BEGIN AVAILABLE DATA

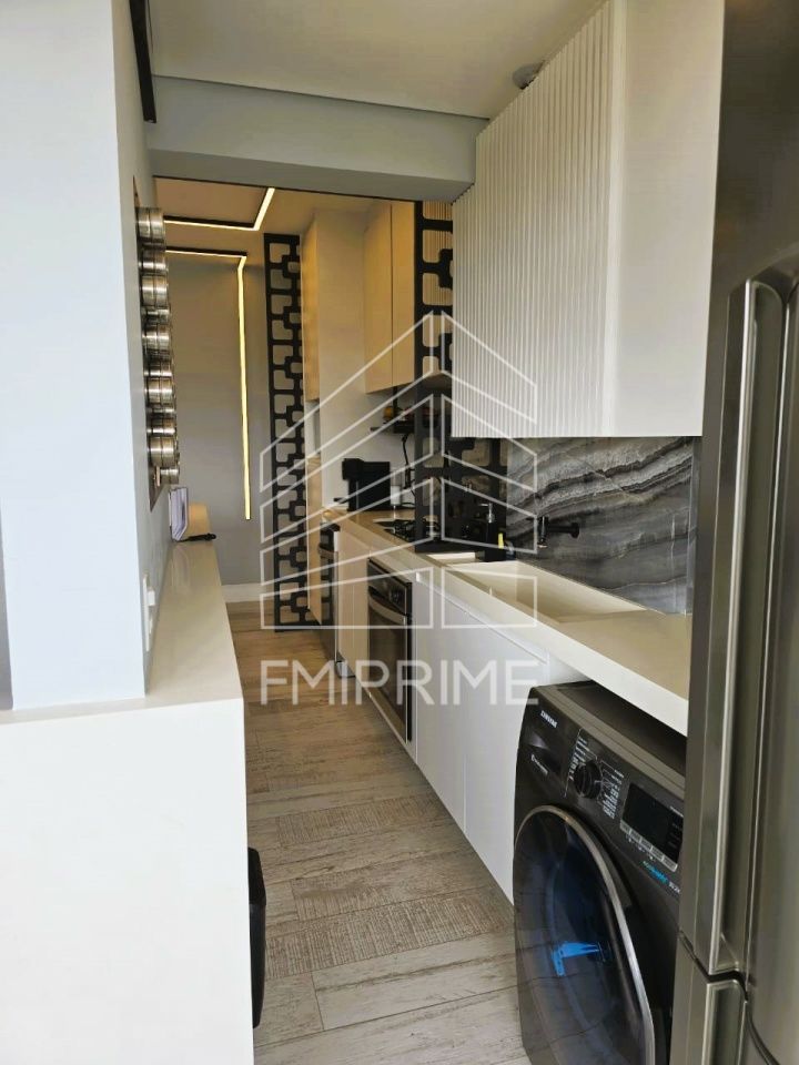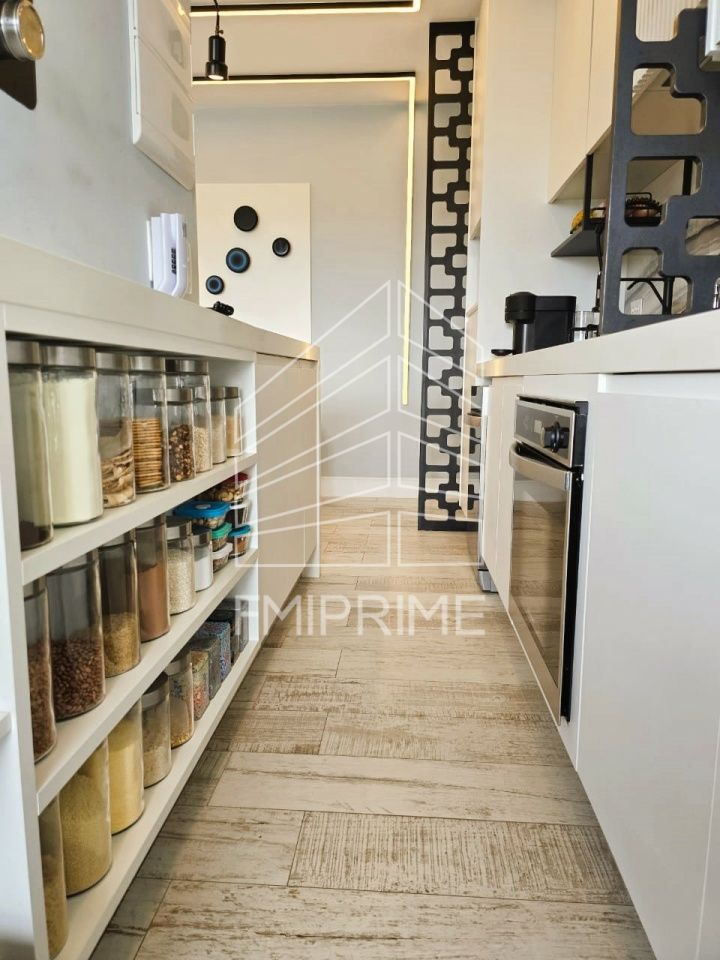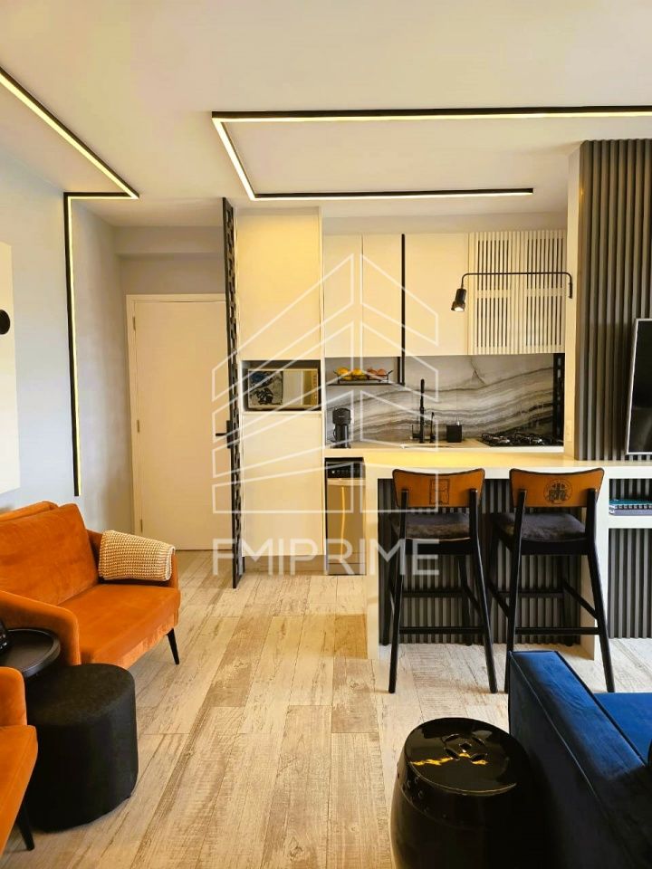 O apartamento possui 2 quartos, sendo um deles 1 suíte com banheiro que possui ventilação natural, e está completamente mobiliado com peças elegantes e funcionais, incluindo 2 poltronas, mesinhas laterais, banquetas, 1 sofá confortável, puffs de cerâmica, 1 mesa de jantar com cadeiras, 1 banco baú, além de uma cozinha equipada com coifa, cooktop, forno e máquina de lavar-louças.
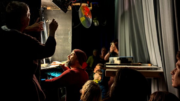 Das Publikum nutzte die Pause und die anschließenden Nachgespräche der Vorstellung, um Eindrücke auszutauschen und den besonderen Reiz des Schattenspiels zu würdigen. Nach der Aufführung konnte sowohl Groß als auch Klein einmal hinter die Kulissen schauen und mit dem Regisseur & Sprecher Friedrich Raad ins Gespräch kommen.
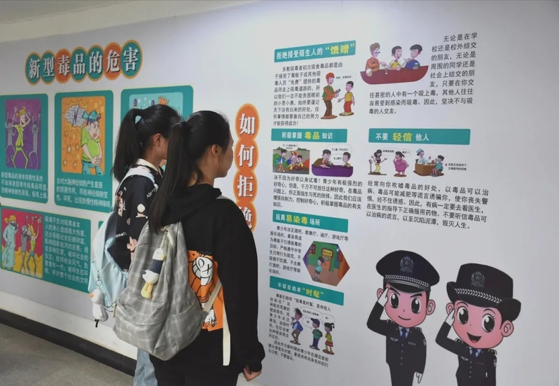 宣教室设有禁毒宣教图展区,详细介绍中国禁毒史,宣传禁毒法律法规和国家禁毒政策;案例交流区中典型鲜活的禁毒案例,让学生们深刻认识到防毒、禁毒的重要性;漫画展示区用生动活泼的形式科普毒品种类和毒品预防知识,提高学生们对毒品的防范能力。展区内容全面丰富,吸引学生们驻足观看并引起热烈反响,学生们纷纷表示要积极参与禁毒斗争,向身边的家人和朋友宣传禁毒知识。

END AVAILABLE DATA

WHAT YOU SHOULD DO:
Omit the pictures and repeat the rest of the listing verbatim.

REPLY:
 O apartamento possui 2 quartos, sendo um deles 1 suíte com banheiro que possui ventilação natural, e está completamente mobiliado com peças elegantes e funcionais, incluindo 2 poltronas, mesinhas laterais, banquetas, 1 sofá confortável, puffs de cerâmica, 1 mesa de jantar com cadeiras, 1 banco baú, além de uma cozinha equipada com coifa, cooktop, forno e máquina de lavar-louças.
 Das Publikum nutzte die Pause und die anschließenden Nachgespräche der Vorstellung, um Eindrücke auszutauschen und den besonderen Reiz des Schattenspiels zu würdigen. Nach der Aufführung konnte sowohl Groß als auch Klein einmal hinter die Kulissen schauen und mit dem Regisseur & Sprecher Friedrich Raad ins Gespräch kommen.
 宣教室设有禁毒宣教图展区,详细介绍中国禁毒史,宣传禁毒法律法规和国家禁毒政策;案例交流区中典型鲜活的禁毒案例,让学生们深刻认识到防毒、禁毒的重要性;漫画展示区用生动活泼的形式科普毒品种类和毒品预防知识,提高学生们对毒品的防范能力。展区内容全面丰富,吸引学生们驻足观看并引起热烈反响,学生们纷纷表示要积极参与禁毒斗争,向身边的家人和朋友宣传禁毒知识。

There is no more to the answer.